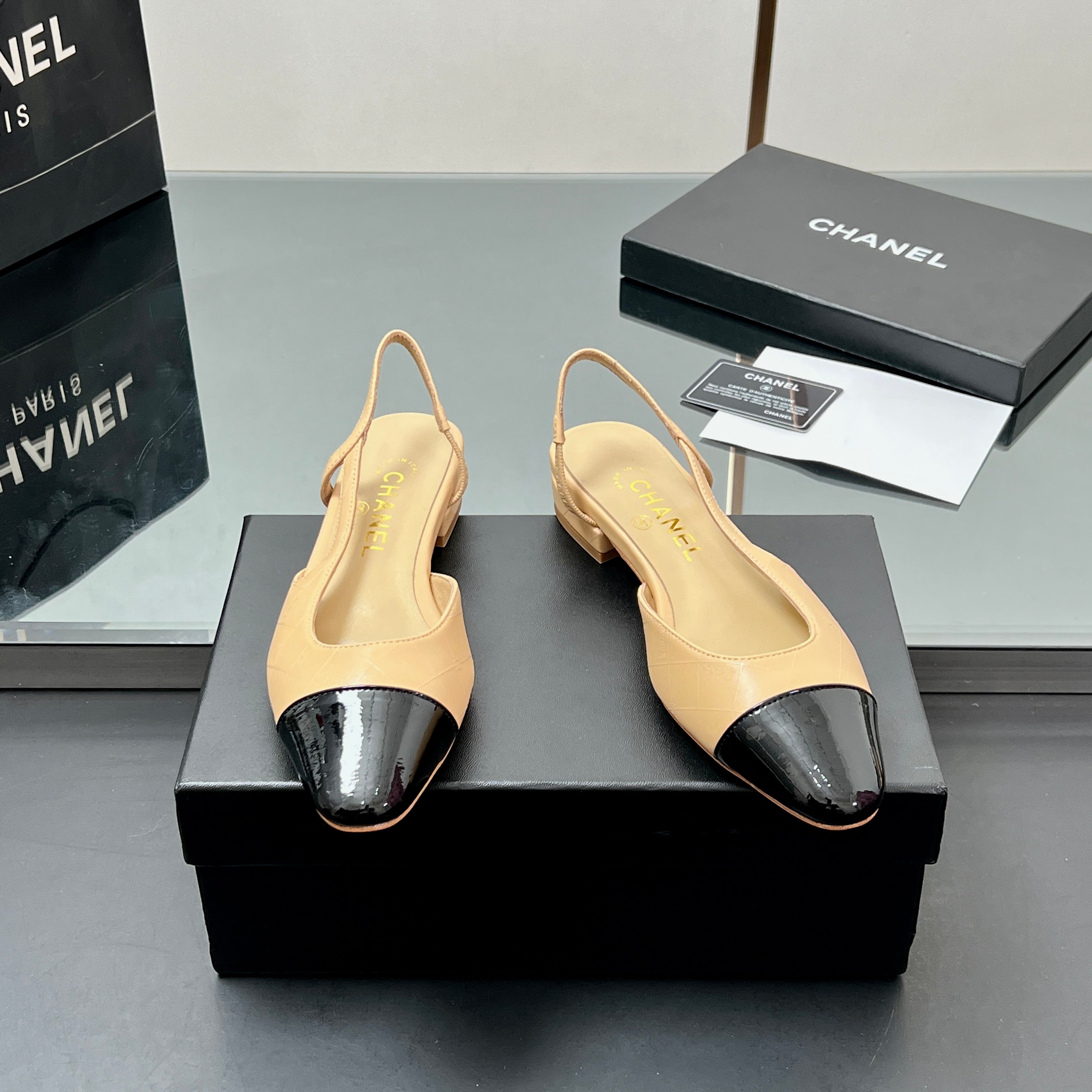 CC SLINGBACK 25S 25 MM IN BEIGE LAMBSKIN AND BLACK GLOSSY LEATHER WITH CHECK PATTERN
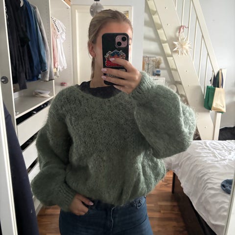 Vel å selge gensaren frå ilag då den ikkje blir brukt lenger. Eg kjøpte gensaren via second chance på Tise for 4 år sidan, for 1200kr, modellen er Tjeld sweater. Storleiken er S/M, men den er nok meir som M. Men den er noko oversized, og vil fint passe frå small til large, alt etter kva ønska passfor er. Gensaren er lys blå, med herlig ullkvalitet (mogelegens mohair?) som er deilig mjuk, med V-utringing og store ballongermer som samlast inn med mansjett i ermet. Den er kort modell som når ned til hoftene. Fargen er mest realistisk på dei to første bileta. Gensaren er fint brukt, og har ingen bruksmerker.
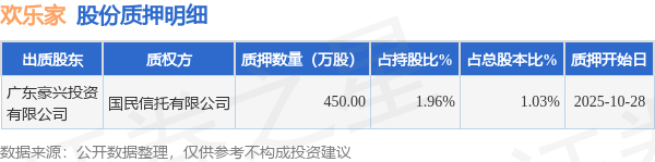 证券之星消息,欢乐家(300997)10月29日公开信息显示,股东广东豪兴投资有限公司向国民信托有限公司合计质押450.0万股,占总股本1.03%。质押详情见下表:
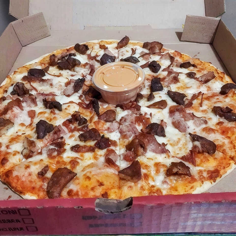 Por dentro Pechuga de pollo,tocino,jamon,pepperoni,queso mozzarella chipotle y por fuera queso mozzarella y pepperoni
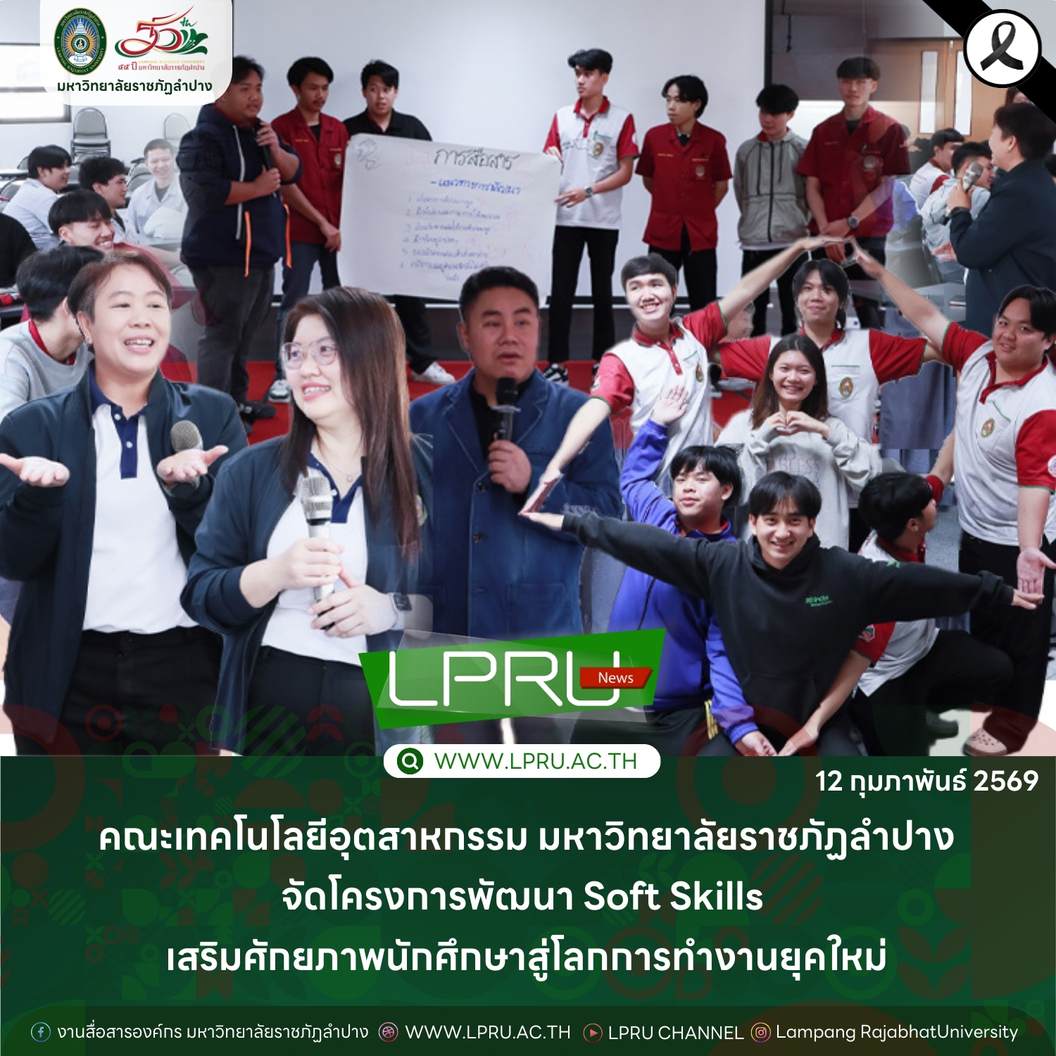 คณะเทคโนโลยีอุตสาหกรรม มร.ลป จัดโครงการพัฒนา Soft Skills เสริมศักยภาพนักศึกษาสู่โลกการทำงานยุคใหม่
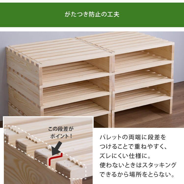 パレットの両端に段差をつけることで、重ねやすくズレにくい仕様です。
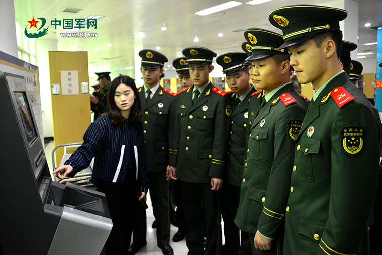 官兵正在了解图书自助借还系统。潘政 摄。
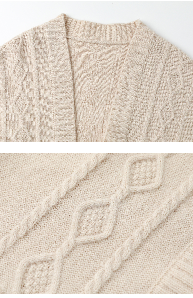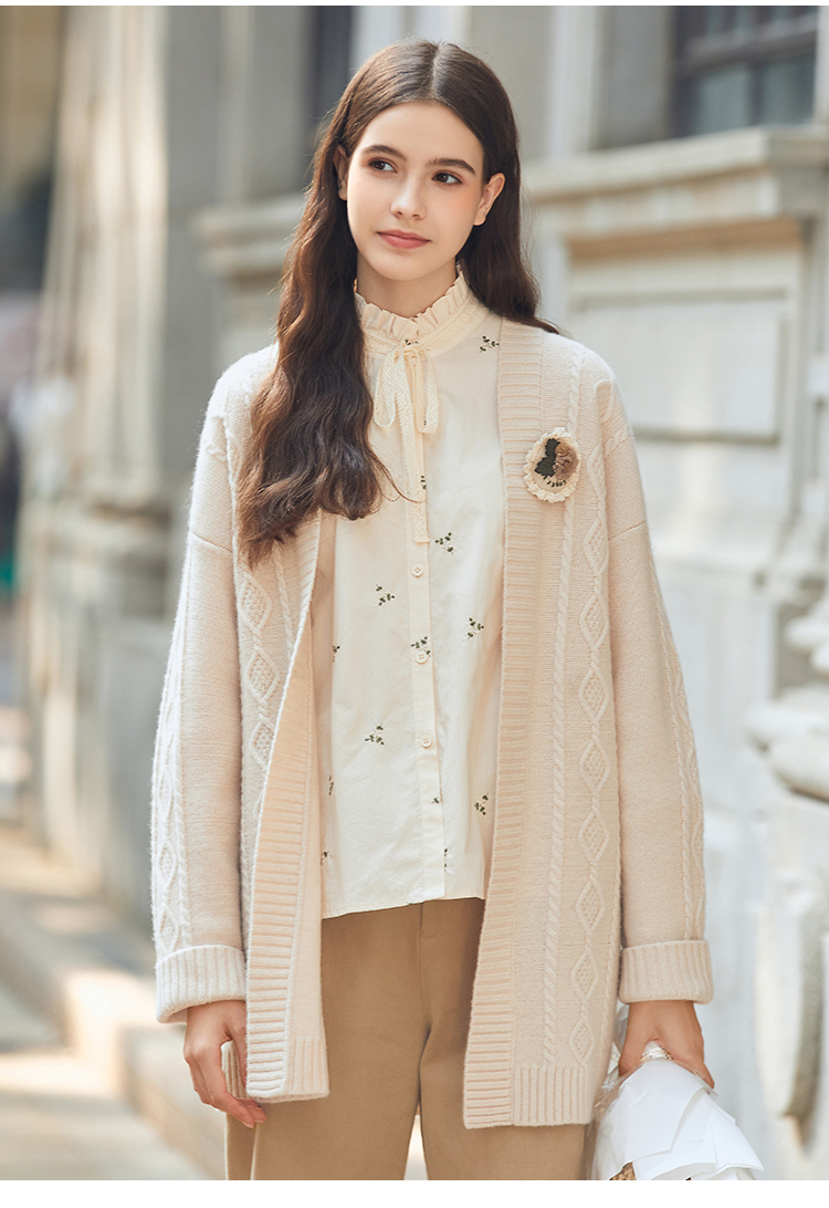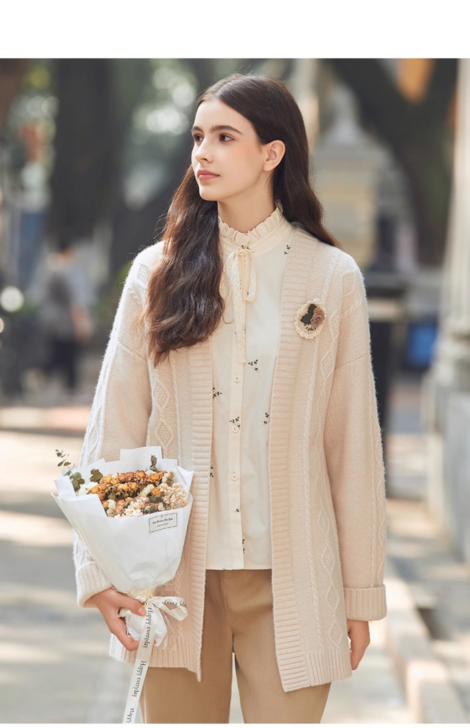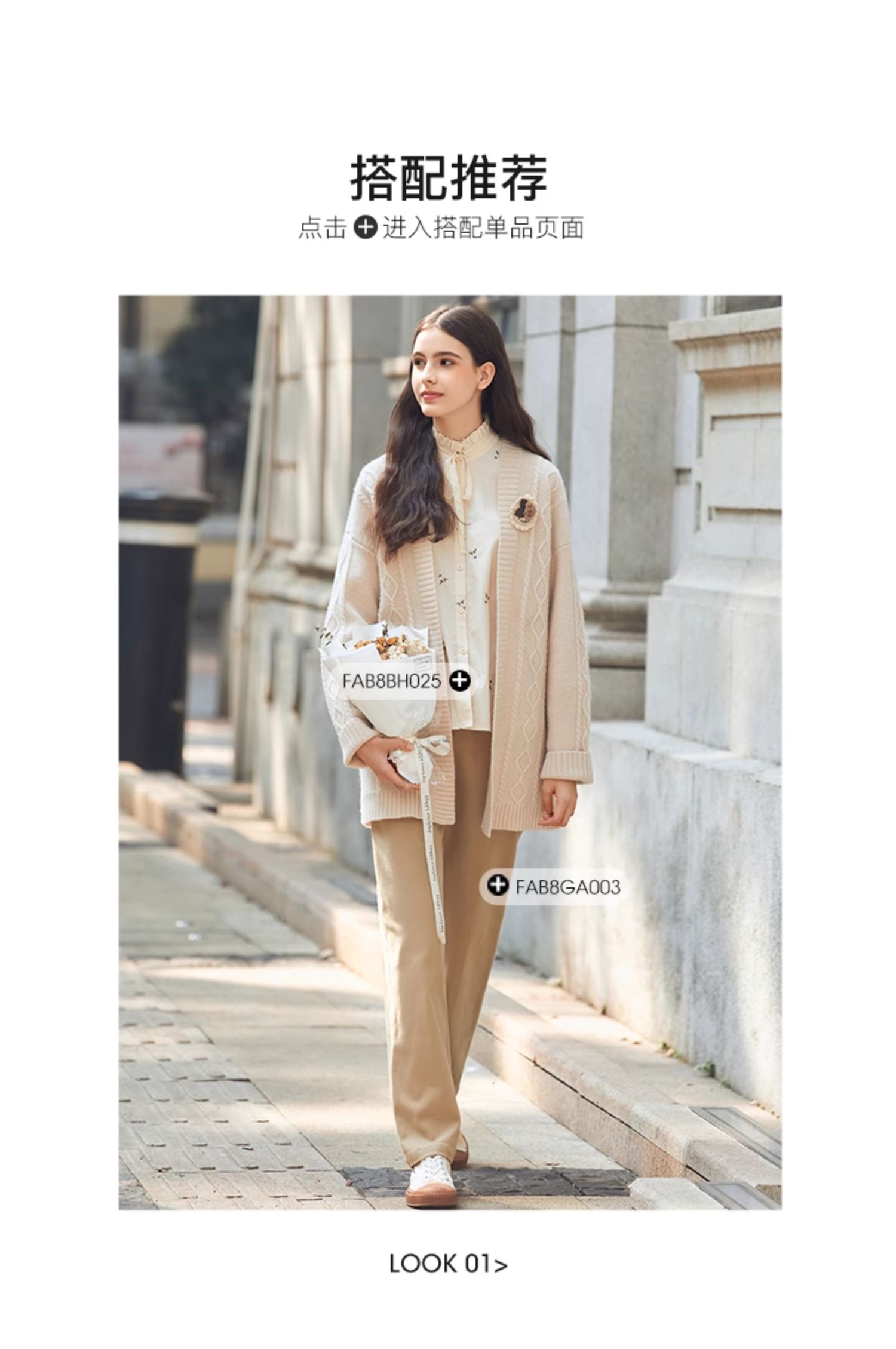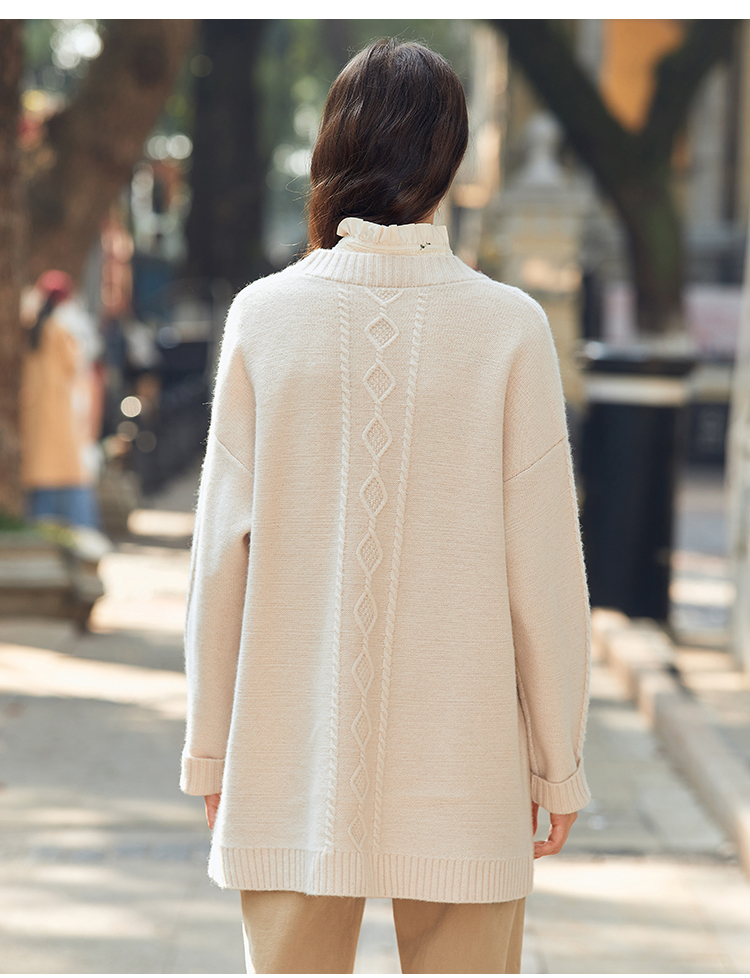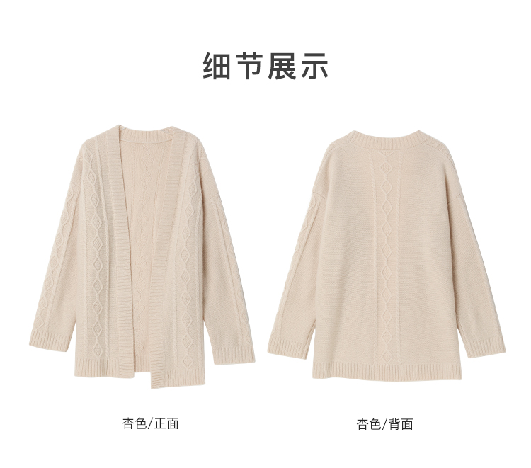 Famecoco范可儿100绵羊毛毛衣开衫外套女冬FAB8DA025
• • • •
(What needs to be done): Return the records above verbatim, leaving out images.

(Your response):
 CC SLINGBACK 25S 25 MM IN BEIGE LAMBSKIN AND BLACK GLOSSY LEATHER WITH CHECK PATTERN
 Vel å selge gensaren frå ilag då den ikkje blir brukt lenger. Eg kjøpte gensaren via second chance på Tise for 4 år sidan, for 1200kr, modellen er Tjeld sweater. Storleiken er S/M, men den er nok meir som M. Men den er noko oversized, og vil fint passe frå small til large, alt etter kva ønska passfor er. Gensaren er lys blå, med herlig ullkvalitet (mogelegens mohair?) som er deilig mjuk, med V-utringing og store ballongermer som samlast inn med mansjett i ermet. Den er kort modell som når ned til hoftene. Fargen er mest realistisk på dei to første bileta. Gensaren er fint brukt, og har ingen bruksmerker.
 证券之星消息,欢乐家(300997)10月29日公开信息显示,股东广东豪兴投资有限公司向国民信托有限公司合计质押450.0万股,占总股本1.03%。质押详情见下表:
 Por dentro Pechuga de pollo,tocino,jamon,pepperoni,queso mozzarella chipotle y por fuera queso mozzarella y pepperoni
 คณะเทคโนโลยีอุตสาหกรรม มร.ลป จัดโครงการพัฒนา Soft Skills เสริมศักยภาพนักศึกษาสู่โลกการทำงานยุคใหม่
 パレットの両端に段差をつけることで、重ねやすくズレにくい仕様です。
 官兵正在了解图书自助借还系统。潘政 摄。
 Famecoco范可儿100绵羊毛毛衣开衫外套女冬FAB8DA025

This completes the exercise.